No, you are not seeing things. Nobody spiked your drink. Aliens did not kidnap me and replace me with a replica.
Granted, I baked cookies but with my serious lack of baking talents, cookies are considered an accomplishment. I have no idea why, but baking is my personal kitchen kryptonite – just the thought of baking makes me twitchy. I like baked foods, I just have a genetic condition that prevents me from making them. Yeah, that’s it!
Cookies are a relatively easy thing to make, and are typically one of the first recipes that a child starts learning the cooking arts with, so I was pretty sure I could pull them off successfully.
And I was also very wrong. The first batch of these cookies I made turned out great and were a big hit with all my taste testers, but in a brilliant move of epic smooveness, I formatted the memory card the pictures were on by mistake and had to make a second batch for the pictures in this post. I also decided to tweak the recipe on batch #2 a little and the results were a complete and total failure, so what you are getting here is pictures of one batch and the recipe from a totally different one! Yep, I hate baking.
I got the idea for these cookies while wandering around the aisles at my local Costco. I saw oatmeal cookies in the bakery and thought ‘ooh – those look good, but not in bulk’, and on the way out the door I noticed a bag of dried blueberries and thought ‘I’ll bet those would be good in cookies’. Much like the old Reeses Peanut Butter Cups commercials where the person holding the peanut butter and the person holding the chocolate collide and create the ultimate snack food, the memory of the cookies ran smack into my current mental image of the blueberries and I had my plan!
Batch One of these cookies was made just like old fashioned, completely unhealthy cookies should be – with butter and regular old general purpose white flour. I did cut the sugar content a little by using Splenda’s brown sugar blend in place of the brown sugar called for in the recipe, but that was about as close to healthy as this recipe gets. These are pretty much old fashioned, unhealthy, deliciously sweet and fattening cookies. Sometimes you just have to eat the bad things!
I did toss in one somewhat unusual ingredient as I was meddling – I had purchased a bag of mesquite powder (also called mesquite flour) last year when Amity mentioned how delicious it was in baked goods and since it had never been used, I decided to throw some in the mix and see what happened. Anyone who grills knows the word ‘mesquite’ – it is a scraggly hard wood from the SouthWest that is frequently used for smoking meats – but the bean pods of the mesquite are also a food source. The pods are dried and ground into a flour and used in cakes and other baked goods, and impart a sweet, somewhat cinnamon-y flavor to the finished food.
For Batch two, I decided to make a healthier version of the cookies with faux butter and whole wheat four, and it just flat out failed. The cookies tasted good, but wouldn’t firm up enough to be removed from the baking sheets in a single piece. Yep, I hate baking…

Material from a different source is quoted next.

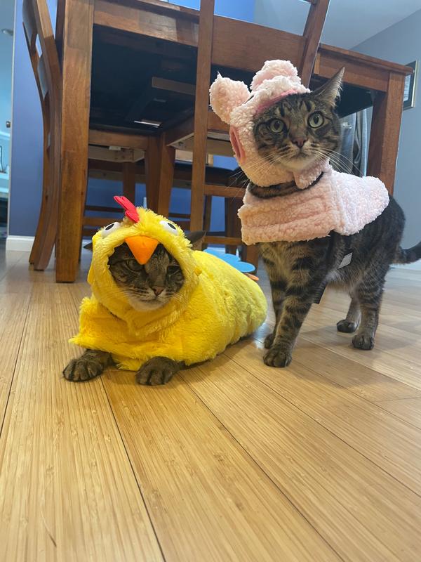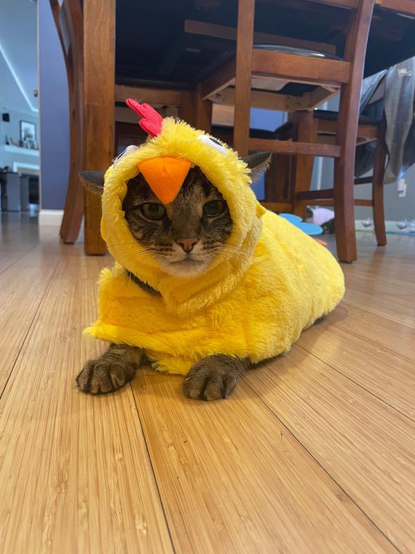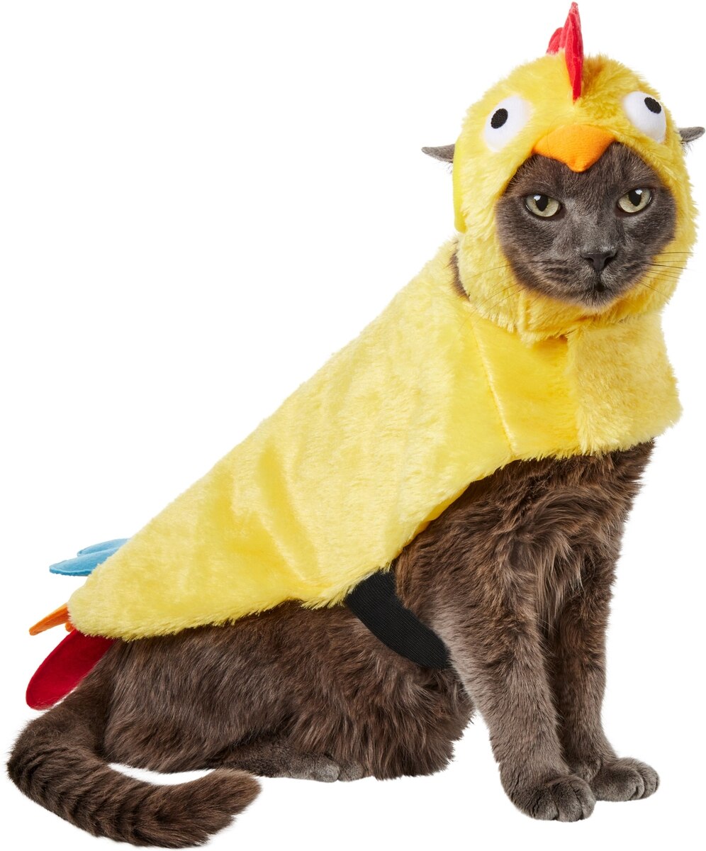 - Features a yellow body with a headpiece that look just like a rooster. Body includes multicolored felt feathers and a look-alike tail. You won’t be able to tell the difference between your pet and the real thing.

So while you are looking at the pictures, keep telling yourself ‘those are the good cookies’ and make the recipe the unhealthy way. You will like them much better that way.
Oatmeal & Blueberry Cookies
Ingredients (for approx. 24 cookies):
- 1 cup all-purpose flour
(ignore the whole wheat flour in the picture!!!) - 2 Tablespoons mesquite flour/powder
- 1/2 teaspoon salt
- 1/2 teaspoon baking soda
- 1 teaspoon vanilla extract
- 3/4 cup firmly packed Splenda brown sugar blend
- 1 large egg
- 1/4 cup water
- 3/4 cup butter, softened
- 2 1/2 cups rolled oats
- 1 cup dried blueberries
Preparation:
Step 1 : Preheat oven to 350 degrees.
Step 2 : In a bowl or large Pyrex measuring cup, mix together the flour, mesquite powder, salt, and baking soda and set aside.
Step 3 : In a large bowl, mix the softened butter and Splenda brown sugar blend together until it is creamy. Add the water, vanilla, and egg and continue mixing until the batter is semi-smooth.
Step 4 : Add the flour mixture to the bowl and mix until everything is fully incorporated and the dough is once again smooth.
Step 5 : Add the oats and blueberries to the dough and stir to combine.
Step 6 : Use a spoon or your hands to make golf ball sized balls of the dough and place them on a cookie sheet at least 2 inches apart. You should be able to get 12 balls per sheet.
Step 7 : Bake the cookies in the 350 degree oven for 14 minutes. Remove from the oven and allow to cool for about 10 minutes before eating / storing.